Sorry, folks! Due to "unforeseen circumstances" the dinner has been canceled. But you can still indulge in Ivan Ramen in the city. Or, of course, get delicious Momi Ramen right here in the Hamptons.
Curious to find out more, we asked the self described "Jewish kid from Long Island" (Syosset) about the Japanese noodley goodness he specializes in.
Do you think being Jewish—that love of good food—has something to do with your love of being a cook?
Yes, but my mother didn’t love food and would yell at me if I ate too much. She was the anti-Jewish mother!
Is there a specific way to eat ramen? Are we supposed to eat the toppings separately?
You can do whatever you want. You can stir the toppings in if you like. The most important thing is to eat it quickly. Slurp it! Eat it while it’s hot.
The example I always give is that it’s similar to the way you need to eat a good pizza right out of the oven.

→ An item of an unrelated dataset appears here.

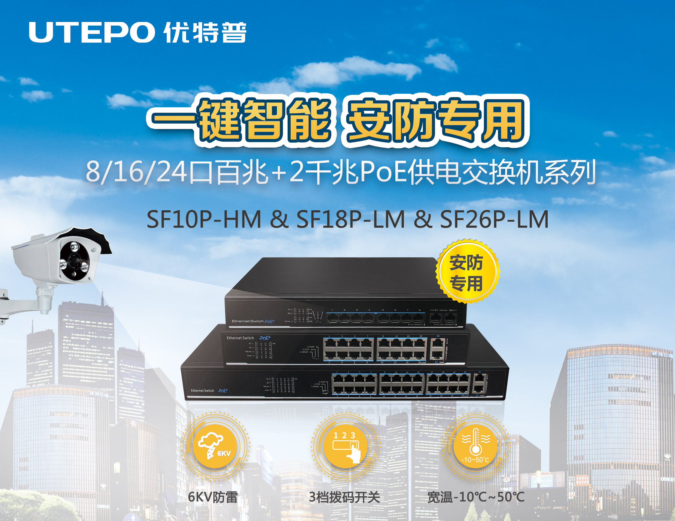 備受關(guān)注的還有優(yōu)特普春季最新推出的8/16/24口百兆+2千兆PoE供電交換機(jī)系列,該系列產(chǎn)品專為安防網(wǎng)絡(luò)監(jiān)控而設(shè)計(jì),支持6KV防雷,一鍵切換為標(biāo)準(zhǔn)交換、VLAN和CCTV三種模式。該系列產(chǎn)品具有的PoE Watchdog功能支持網(wǎng)絡(luò)攝像機(jī)掉線自動(dòng)檢測(cè)、自動(dòng)重啟,大大節(jié)省了系統(tǒng)維護(hù)時(shí)間及成本。該系列產(chǎn)品不僅操作簡(jiǎn)單,而且能有效抑制網(wǎng)絡(luò)風(fēng)暴,防止病毒傳播和網(wǎng)絡(luò)攻擊,能充分滿足視頻監(jiān)控和以太網(wǎng)項(xiàng)目組網(wǎng)需要。

No self-respecting New York pizza maven is going to chat when their pizza arrives. The crust is going to get hard and cheese will lose its molten deliciousness.
Most Americans are not used to eating like that: they want to chat over their food. But with ramen, you need to eat it quickly, while it’s hot. After a while, the noodles get soft and the texture changes; the broth loses some of its distinctive flavor from the flour in the noodles.

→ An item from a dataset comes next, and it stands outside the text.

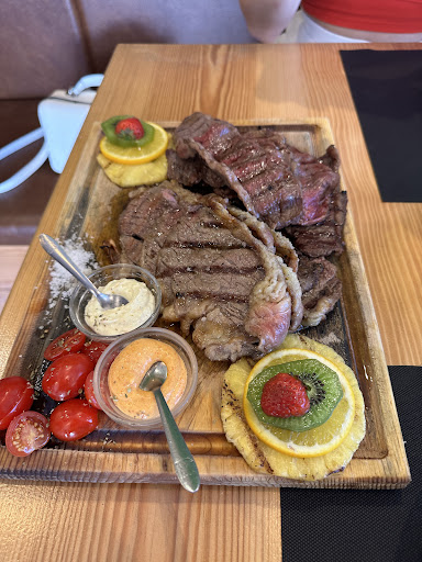 Read moreQuando vi as boas classificações fiquei com altas expectativas, quando cheguei lá e vi os preços, ainda mais. Esperámos quase uma hora pela comida (picanha Black Angus) que veio quase fria e completamente cheia de nervo, de tal maneira que alguns dos nacos eram impossíveis de mastigar e acabámos por deixar praticamente 1/3 da carne e levar para dar ao nosso cão. O arroz e feijão também não eram nada de especial e tinham pouco sabor, para além do que a taça do feijão era mais molho e salchichas do que feijão. O tomate cereja, ananás grelhado e batatas assadas estavam todos bons e muito saborosos, assim como a maionese de alho que para nós foi o único destaque da refeição. O restaurante em si está bem decorado e engraçado mas muito barulhento e apesar de ter um ar condicionado (que não devia estar a trabalhar) estava super abafado. O serviço não foi nada de especial quer em termos de rapidez quer em termos de simpatia, à exceção do empregado que veio ter connosco no final para pedir desculpa pela refeição não estar em condições e do senhor (gerente/dono?) que nos veio perguntar se a Morangoska estava boa. Pedimos apenas duas doses para três pessoas, nenhuma entrada ou extra, dividimos uma bebida por dois e só pedimos uma sobremesa e mesmo assim roçou os 20€ por pessoa… Infelizmente uma experiência a...

Do you serve different styles of ramen here as opposed to Japan? More Western flavorings?
The fascinating thing about ramen in Japan is that there are no real rules. It’s like a sandwich: you can put anything together, as long as it’s good and the balance is right. Even a nonfoodie knows a bad sandwich from a good sandwich.
Ramen is the same thing: you need the right balance of soup, broth, noodles, and topping. A bad sandwich falls apart. When you slurp the soup the noodles should shoot into your mouth. A bad bowl of ramen is out of balance.

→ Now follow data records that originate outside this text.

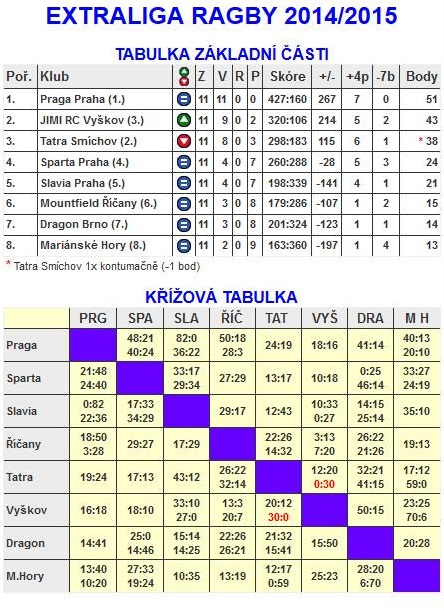Opravená tabulka extraligy po rozhodnutí o kontumačním výsledků Vyškov - Tatra 30:0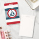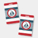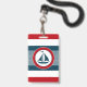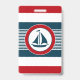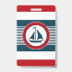 Nautical design with sailing boat decoration in round shape on blue, red and white striped background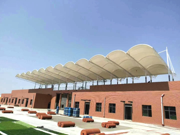 二、根据每个建筑风格看台膜结构样式可以有较大的定制空间,可以根据客户的需求而做出不同风格样式的张拉膜顶棚,满足质量的同时又能做到美观的效果。

Is authentic ramen something that could be made at home in the US?
Ramen made properly is several day process. You need to simmer the broth for a long time, make your own noodles, render your fat. But each component can be made separately. You can interrupt and freeze some stuff in the middle, but it’s perfectly possible. In my book, I devote 38 pages to the preparation of ramen. And it’s really fun.